Starting at the line that contains "Реутовская футбольная детско-юношеская", reproduce only the lines through the end of the data, exactly, including both the first and the last; skip the pictures.
(DATASET SECTION)
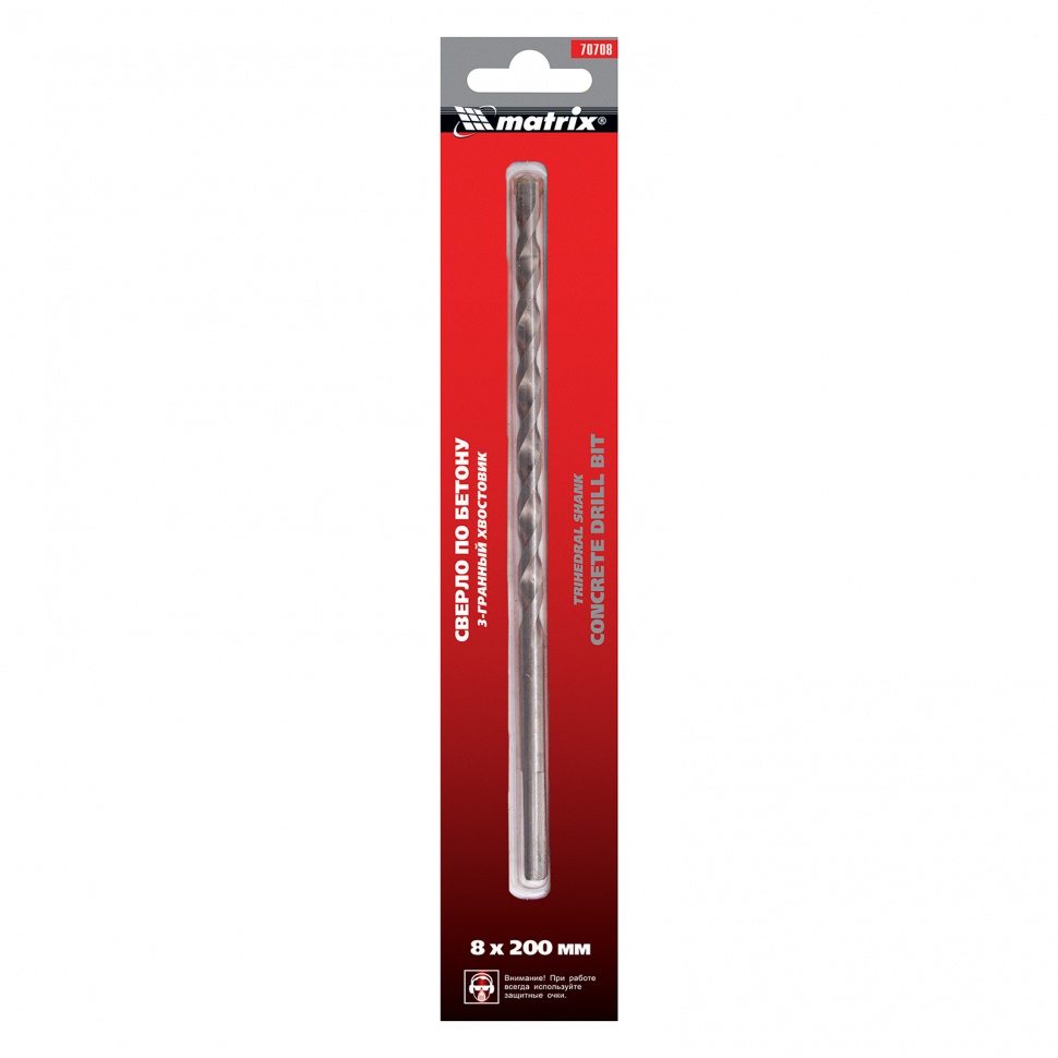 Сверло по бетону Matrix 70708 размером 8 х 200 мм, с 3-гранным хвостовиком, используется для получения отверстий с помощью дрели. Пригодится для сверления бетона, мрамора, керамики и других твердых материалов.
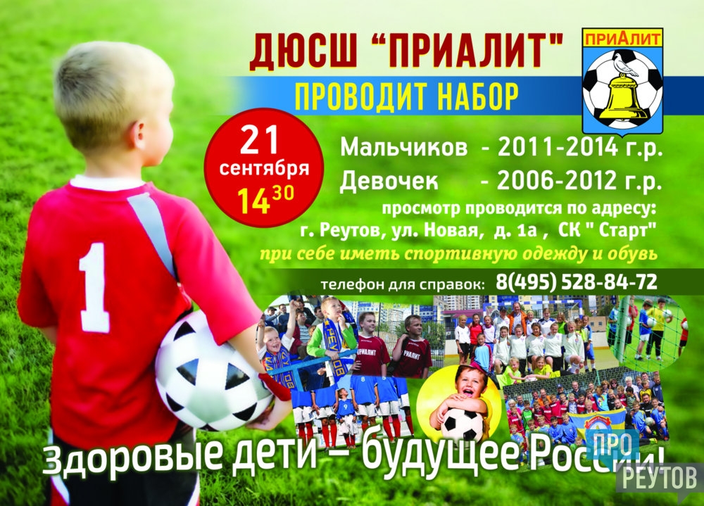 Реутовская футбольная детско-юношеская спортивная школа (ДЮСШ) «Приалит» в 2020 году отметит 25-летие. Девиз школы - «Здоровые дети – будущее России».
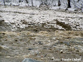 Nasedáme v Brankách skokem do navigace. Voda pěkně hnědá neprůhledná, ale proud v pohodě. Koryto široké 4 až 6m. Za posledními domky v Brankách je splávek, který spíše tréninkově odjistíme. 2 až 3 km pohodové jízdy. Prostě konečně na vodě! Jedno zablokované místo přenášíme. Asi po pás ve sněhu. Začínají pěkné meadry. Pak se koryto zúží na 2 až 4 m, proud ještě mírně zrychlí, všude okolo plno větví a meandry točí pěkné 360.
(End DATASET SECTION)
RESPONSE FOR THIS EXERCISE:
 Реутовская футбольная детско-юношеская спортивная школа (ДЮСШ) «Приалит» в 2020 году отметит 25-летие. Девиз школы - «Здоровые дети – будущее России».
 Nasedáme v Brankách skokem do navigace. Voda pěkně hnědá neprůhledná, ale proud v pohodě. Koryto široké 4 až 6m. Za posledními domky v Brankách je splávek, který spíše tréninkově odjistíme. 2 až 3 km pohodové jízdy. Prostě konečně na vodě! Jedno zablokované místo přenášíme. Asi po pás ve sněhu. Začínají pěkné meadry. Pak se koryto zúží na 2 až 4 m, proud ještě mírně zrychlí, všude okolo plno větví a meandry točí pěkné 360.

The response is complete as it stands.